## Directions for this task
The entries below contain a line with "瑞士的桑尼勃格桥(Snnib" and a line with "Elevate your wardrobe". Retype exactly everything from the first down to the second, both included, and nothing else.

## Exercise materials
━━━━━━━━
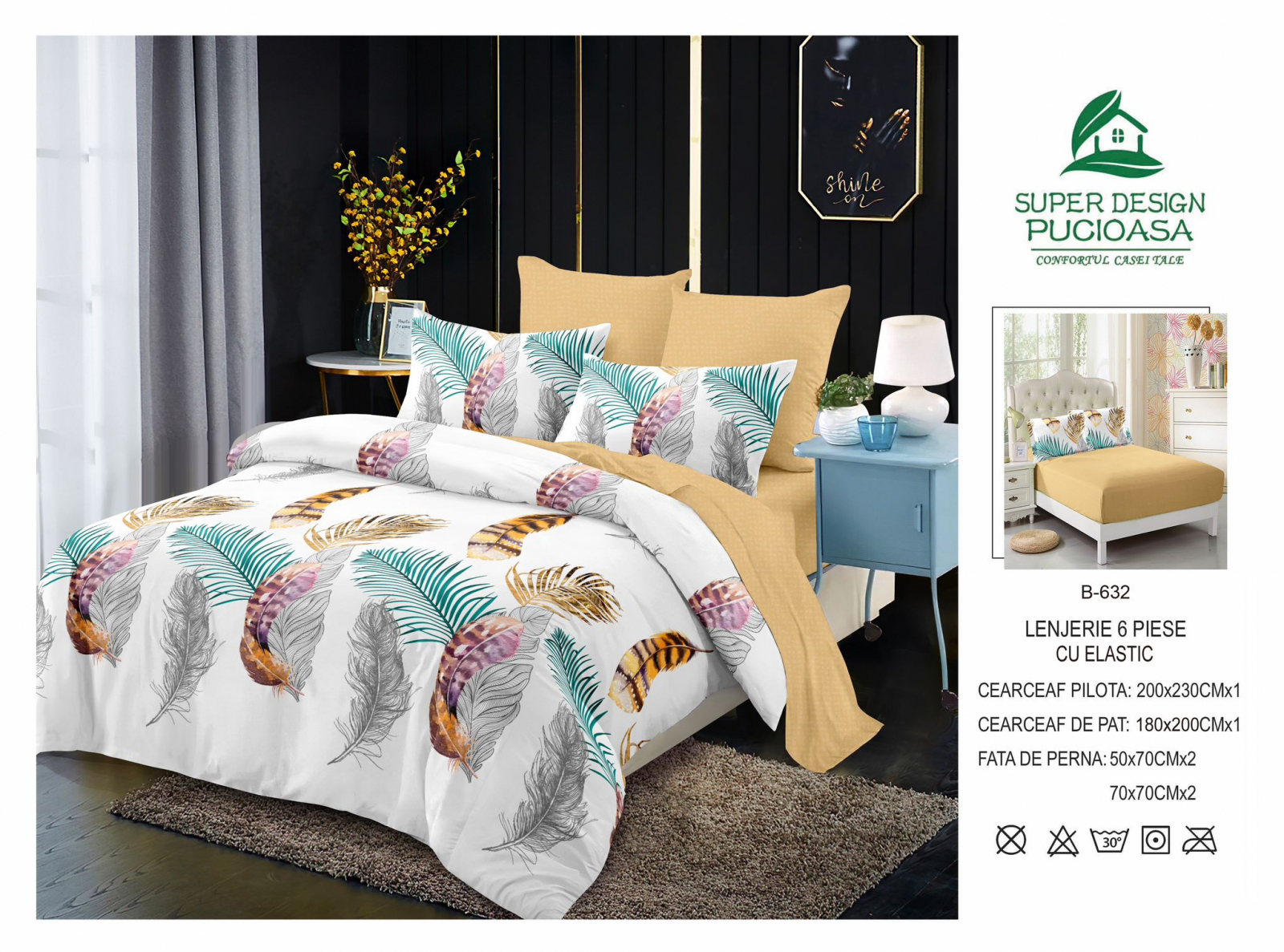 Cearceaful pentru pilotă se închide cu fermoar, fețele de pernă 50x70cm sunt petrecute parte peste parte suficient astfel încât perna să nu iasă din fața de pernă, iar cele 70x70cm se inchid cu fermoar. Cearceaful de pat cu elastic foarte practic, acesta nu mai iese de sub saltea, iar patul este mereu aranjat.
━━━━━━━━
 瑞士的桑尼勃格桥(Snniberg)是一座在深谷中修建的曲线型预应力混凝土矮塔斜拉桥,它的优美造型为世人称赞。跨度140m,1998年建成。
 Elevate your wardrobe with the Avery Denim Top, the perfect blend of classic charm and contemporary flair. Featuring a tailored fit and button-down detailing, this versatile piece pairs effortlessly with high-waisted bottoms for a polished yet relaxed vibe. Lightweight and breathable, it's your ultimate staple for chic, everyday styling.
━━━━━━━━
## Written answer
 瑞士的桑尼勃格桥(Snniberg)是一座在深谷中修建的曲线型预应力混凝土矮塔斜拉桥,它的优美造型为世人称赞。跨度140m,1998年建成。
 Elevate your wardrobe with the Avery Denim Top, the perfect blend of classic charm and contemporary flair. Featuring a tailored fit and button-down detailing, this versatile piece pairs effortlessly with high-waisted bottoms for a polished yet relaxed vibe. Lightweight and breathable, it's your ultimate staple for chic, everyday styling.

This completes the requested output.